The streets were lined with shopfronts, of course, but it was what was around them that caught our eyes. Balconies were dripping with bougainvillea, walls were painted in faded aquamarines and sunset pinks, rusted wrought iron railings were curling like the toe curl you get when you read the very best line of your favourite poem.

Every door was a different colour. Some were lime green. Others, chipped cobalt blue. One had an actual heart painted around the knob like a door with its very own love life.

Tonalá feels like it was designed by someone with an obsession for texture. Every block was a sensory buffet. There’s rough brick underfoot, smooth clay vases teetering outside shops, and glass so vibrantly coloured it looked like edible candy.

We passed an open-air workshop where someone was making something with a blowtorch and confidence. We didn’t ask what it was.

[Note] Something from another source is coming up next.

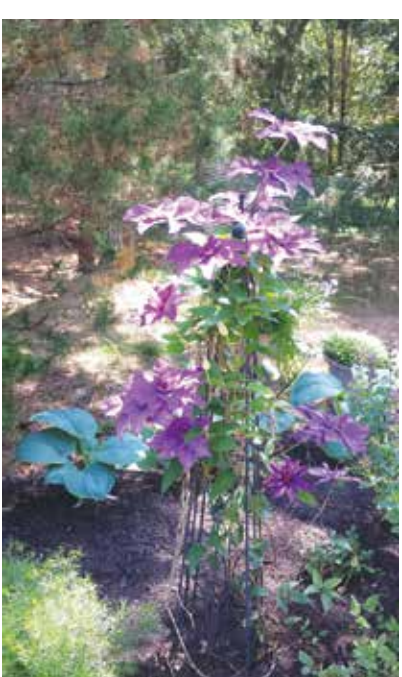
Clematis, an excellent rose companion, in the Berkrot-Staples garden.

We just stood there, mesmerized, drinking it in like it was performance art.

The real show was the people.

Because as much as Tonalá is famous for what it makes, I feel it should be equally magical because of who makes it.

There were abuelitas in folding chairs gossiping like school girls while stringing mobiles together. Kids were darting between stalls, holding tamarind candies the size of their heads while distributing supplies. One man was painting a giant ceramic sun face while simultaneously arguing on the phone, playing chess, and sipping a Coke. I’m one hell of a multi-tasker, and even I couldn’t do that!

We saw two artists sitting on a doorstep, passing a sketchbook back and forth like it was a secret diary.

At one point, we sat down on a cracked stone bench just to watch a guy paint a table leg. Just one leg. For thirty minutes. It was hypnotic.

Tonalá doesn’t just have art. It is art. The town breathes creativity. It oozes charm. It’s like someone gave an entire neighbourhood a glue gun, a stack of paint samples, and complete creative freedom.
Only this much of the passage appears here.